Why Gingrich Is Right for Trump
The candidate needs a running mate with Washington experience, rhetorical gifts, and a yen for political combat with the Clintons.
Now that Donald Trump is becoming more dependent on outside counsel for advice, he appears to be slowly morphing into a more conventional presidential candidate. And as he mulls over his options for a running mate, he’s being urged to pick Indiana Gov. Mike Pence, the most boring, check-the-box finalist. Pence would indeed be the safe choice for Trump, offering an olive branch to shunned conservatives and raising the likelihood of a respectable loss.
But if Trump actually wants to win the election, he’d be best-served thinking outside of the box. In that respect, former House Speaker Newt Gingrich would be the go-for-the-fences political choice—even though many establishment-minded Republicans view him as a manic, unpredictable talking head with an ego the size of Cleveland’s cavernous and now-demolished Municipal Stadium. What Trump needs, however, is a running mate who can translate his bluster into high-minded rhetoric. Just as Bill Clinton did for President Obama at the 2012 convention, Gingrich would be masterful as Trump’s secretary of “explaining stuff.” And his history fighting the Clintons gives him the credibility and political standing that others lack.
Pence, by contrast, doesn’t excel in any individual area. He’s in his first term as Indiana’s governor, but suffers from mediocre approval ratings and is at risk of losing his reelection bid. He boasts close relationships with evangelicals, but lost some standing with them after failing to pass religious-freedom legislation. He offered a lukewarm endorsement to Ted Cruz before the Indiana primary, a sign that he wouldn’t be the most effective or steadfast surrogate for Trump. At best, Pence is a respected, well-liked executive with ties to Washington who could unite all factions of the Republican Party. At worst, Pence will be a cipher because anti-Trump diehards aren’t about to change their minds.
The best choice for Trump would a nonwhite female officeholder from a swing state. But Trump’s campaign manager has shunned such advice as identity politics, and the most promising contenders already took themselves out of the running. So prospects such as South Carolina Gov. Nikki Haley and New Mexico Gov. Susana Martinez started out as personae non grata.
Since Trump is only looking at a narrow range of contenders, Gingrich offers a great deal of upside. He brings the Washington experience that Trump says he values, with the unpredictability that matches Trump’s personality. His penchant for contrarianism might be a headache for a more traditional candidate, but for Trump his presence on the ticket could add gravitas. In many ways, he is exactly what Trump needs right now. The mood of the country should favor the party out of power, but Trump is widely considered unsuitable for the presidency and he needs someone to shore up his weaknesses.
Gingrich’s detractors point to his low favorability ratings after he exited the Republican primary in 2012. But that was right after he was subjected to nonstop attack ads from the Romney camp without having the resources to fight back.
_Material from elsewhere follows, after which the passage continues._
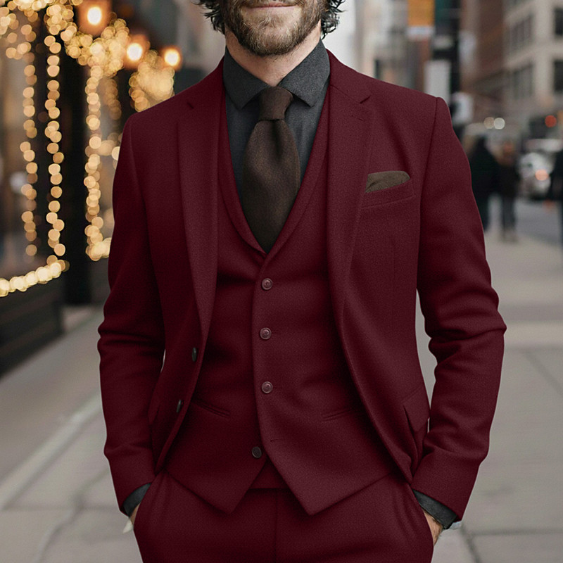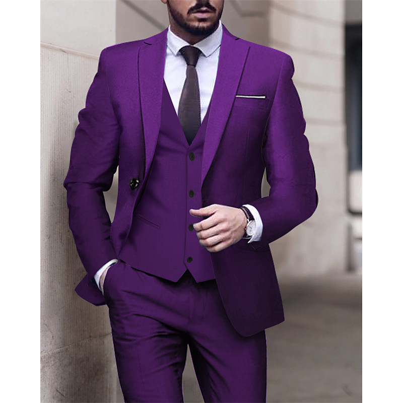 Men's Prom Wedding Suits Notch Burgundy Sage Daily Lightweight Solid Colored Tailored Fit 3 Piece Single Breasted Two-buttons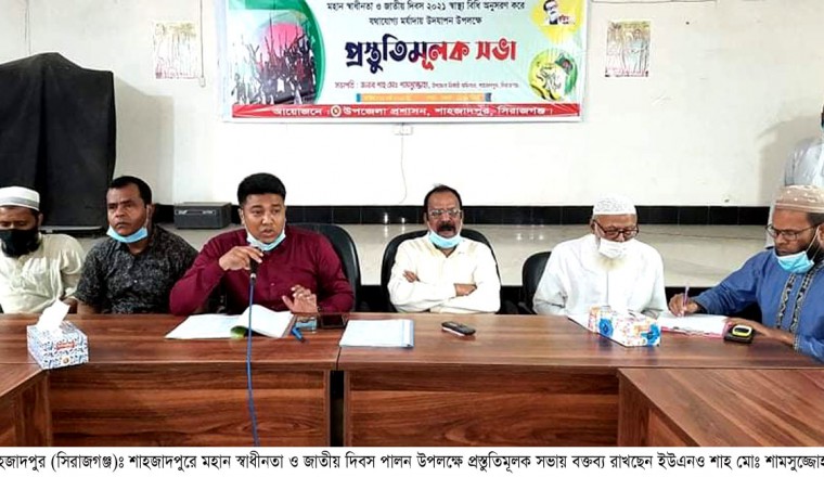 বৃহস্পতিবার দুপুরে শাহজাদপুর উপজেলা পরিষদের শহিদ স্মৃতি সম্মেলন কক্ষে উপজেলা প্রশাসন আয়োজিত মহান স্বাধীনতা ও জাতীয় দিবস স্বাস্থ্যবিধি অনুসরণ করে যথাযথ মর্যাদায় উদযাপন উপলক্ষে এক প্রস্তুতিমূলক সভা অনুষ্ঠিত হয়েছে। শাহজাদপুর উপজেলা নির্বাহী কর্মকর্তা শাহ মোঃ শামসুজ্জোহার সভাপতিত্বে অনুষ্ঠিত উক্ত প্রস্তুতিমূলক সভায় অন্যান্যের মধ্যে উপস্থিত ছিলেন, শাহজাদপুর উপজেলা পরিষদের চেয়ারম্যান প্রফেসর আজাদ রহমান, ভাইস চেয়ারম্যান মোঃ লিয়াকত আলী, সাবেক অধ্যক্ষ এএম আব্দুল আজীজ, উপজেলা প্রকৌশলী আহমেদ রফিকসহ বিভিন্ন সামাজিক ও সাংস্কৃতিক সংগঠনের নেতৃবৃন্দ।

Four years later, he’ll be in greater control of his own image. If he makes inclusive comments as he did about African-Americans’ perspective of policing, he’ll have a chance to turn around his own image and soften Trump’s rough edges. But if he rambles on about futurism instead of staying on message, he would risk being dismissed as a flake.
It’s not as if Gingrich’s rivals for the ticket are more popular. Pence’s job approval was a mediocre 42 percent in the NBC/Marist poll conducted before the state’s May primary, with 41 percent disapproving. (One rumored reason for his interest in the Trump ticket is the fear that he’d lose his reelection bid.) New Jersey Gov. Chris Christie is in worse shape. A recent Fairleigh Dickinson poll showed his job approval at 26 percent, with disapproval at 62 percent—even worse than Trump’s dismal numbers. Gingrich, being out of politics for several years, has a much more malleable public image.
The other unconventional option for Trump is picking a total political outsider, likely from the military. Former Defense Intelligence Agency Director Michael Flynn would give Trump some of the foreign policy credibility that his campaign badly lacks. But as a registered Democrat, Flynn’s positions on most domestic issues are unknown. In a bumbling interview on ABC’s This Week, he sounded supportive of abortion rights and gay marriage—nonstarters for much of the GOP base. Unlike elected officials, he’s barely been vetted, making his selection highly risky. It would be the equivalent of John McCain’s selection of Sarah Palin in 2008.
Under normal circumstances, Gingrich wouldn’t be a go-to guy. At 73, he doesn’t fit the traditional profile of an up-and-coming political prospect. But this isn’t a normal election. Given Trump’s need for a Washington veteran and a creative communicator to offset his weaknesses, Gingrich would be the smartest selection for a highly unconventional candidate.